*** STORED DATA ***

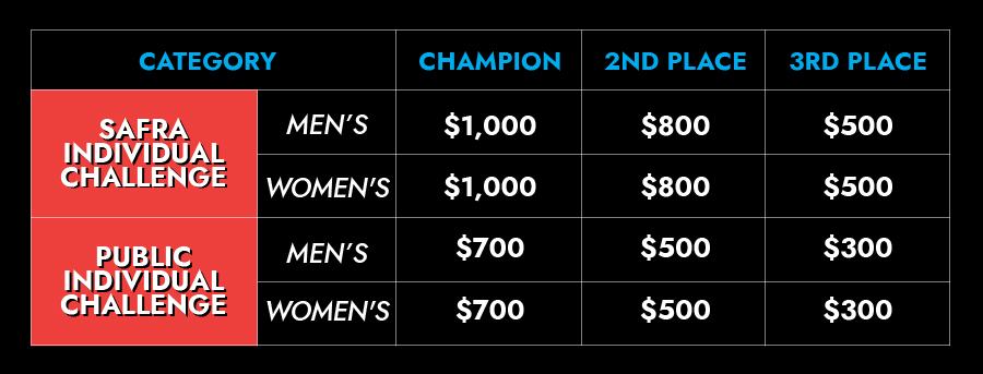 | INDIVIDUAL CHALLENGE (MEN'S/ WOMEN'S) | $50 per pax | $100 per pax |
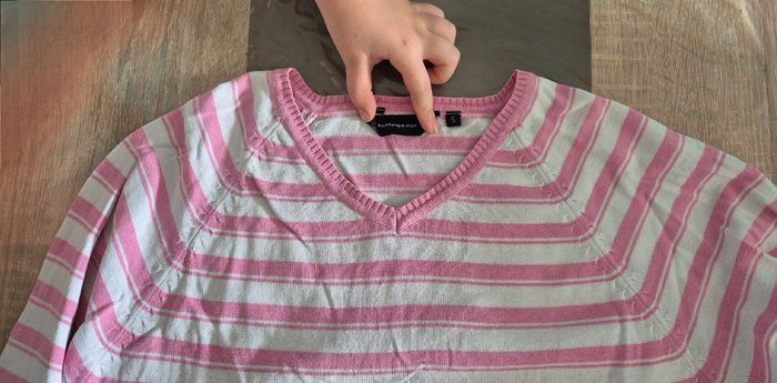 Bonjour Je vends un joli pull léger de la marque 'Cutting edge', idéal pour les demi-saisons. - Marque : Cutting edge - Motif : Rayures horizontales roses et blanches - Col : Col en V - Taille : S - Matière : 100% coton - État : Très bon état, peu porté. Parfait pour un look décontracté et printanier. N'hésitez pas, j'envoie rapidement.x
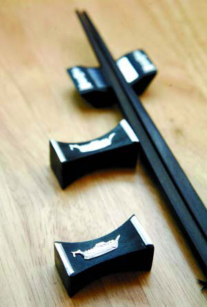 泰國(guó)的銀飾一向比較出名,這款筷托兩端有泰銀雕的人物造型,中間的凹槽部分則是銀片設(shè)計(jì),既有裝飾作用也非常實(shí)用,清洗起來也很方便。圖案多為泰國(guó)當(dāng)?shù)氐某S脠D案,代表了吉祥的寓意,比如船代表了一帆風(fēng)順。
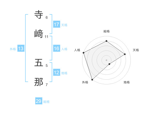 寺﨑 五那さんの総格は29画の4点!
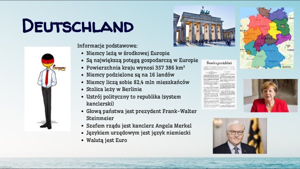 - Głową państwa jest prezydent Frank-Walter Steinmeier
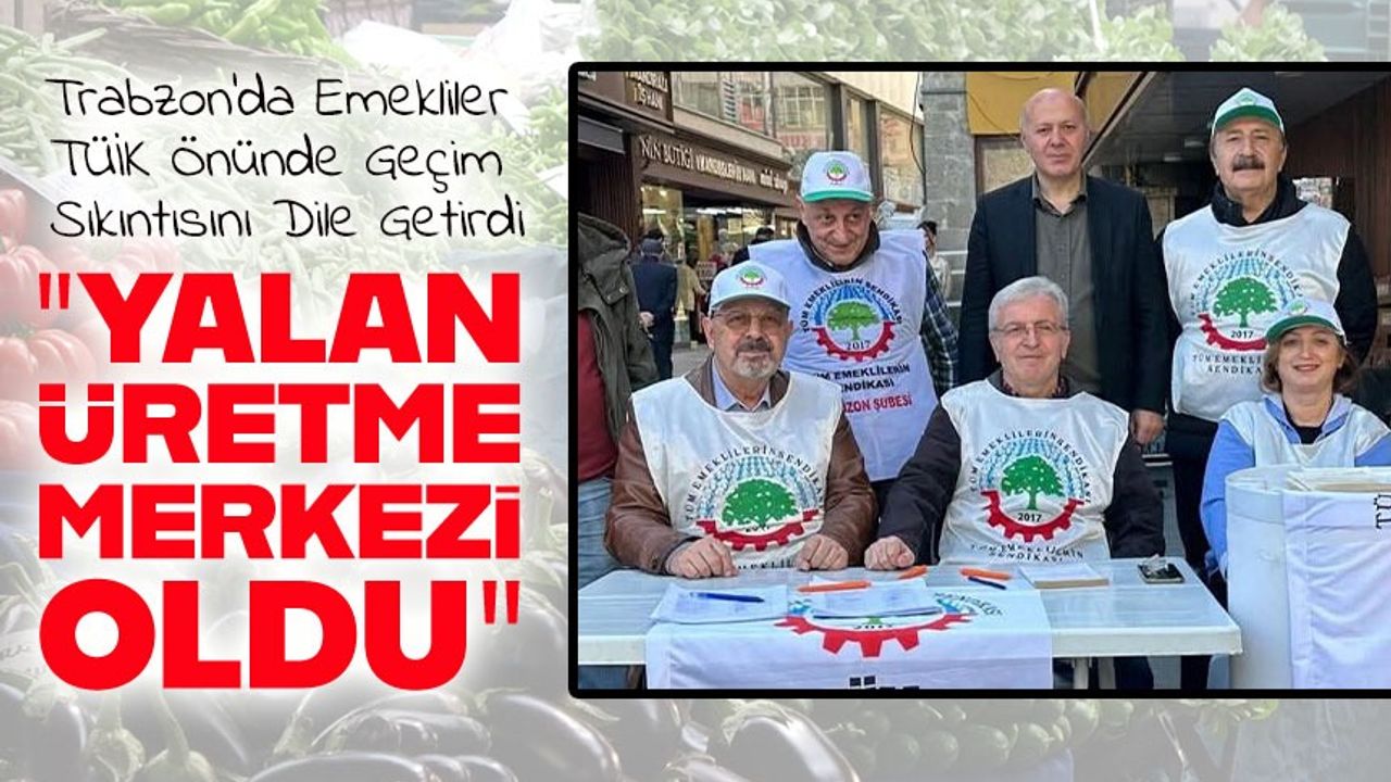 Tüm Emeklilerin Sendikası Trabzon İl Temsilciliği, artan hayat pahalılığı ve düşük maaşlara karşı sesini yükseltti. Türkiye İstatistik Kurumu’nun (TÜİK) Trabzon’daki binası önünde toplanan emekliler, açıklanan enflasyon oranlarının gerçeği yansıtmadığını belirtti. Emekliler, “TÜİK’in masa başı verileriyle değil, pazarlardan yapılan ölçümlerle gerçek enflasyon hesaplanmalı” diyerek hükümete ve yetkililere çağrıda bulundu.
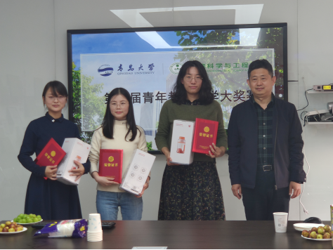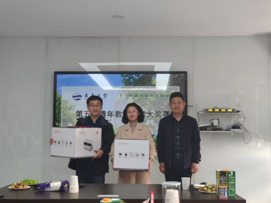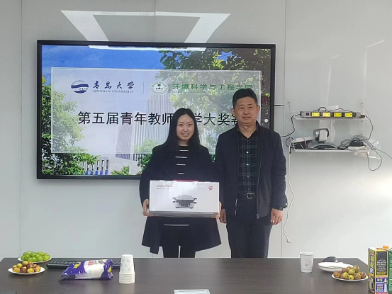 经过激烈角逐,青年教师苗圆圆荣获环境科学与工程学院第五届青年教师教学大赛一等奖;张俊龙、王晓翠荣获二等奖;张丛筠、李亚如、李昱茜荣获三等奖;李硕、黄海波、姚雪、王瑶瑶荣获优秀奖。张作祥为获奖选手颁发荣誉证书和奖品。

***

Excluding the pictures, write out exactly the lines from the line that contains "Tüm Emeklilerin Sendikası" through the end of the records.

 Tüm Emeklilerin Sendikası Trabzon İl Temsilciliği, artan hayat pahalılığı ve düşük maaşlara karşı sesini yükseltti. Türkiye İstatistik Kurumu’nun (TÜİK) Trabzon’daki binası önünde toplanan emekliler, açıklanan enflasyon oranlarının gerçeği yansıtmadığını belirtti. Emekliler, “TÜİK’in masa başı verileriyle değil, pazarlardan yapılan ölçümlerle gerçek enflasyon hesaplanmalı” diyerek hükümete ve yetkililere çağrıda bulundu.
 经过激烈角逐,青年教师苗圆圆荣获环境科学与工程学院第五届青年教师教学大赛一等奖;张俊龙、王晓翠荣获二等奖;张丛筠、李亚如、李昱茜荣获三等奖;李硕、黄海波、姚雪、王瑶瑶荣获优秀奖。张作祥为获奖选手颁发荣誉证书和奖品。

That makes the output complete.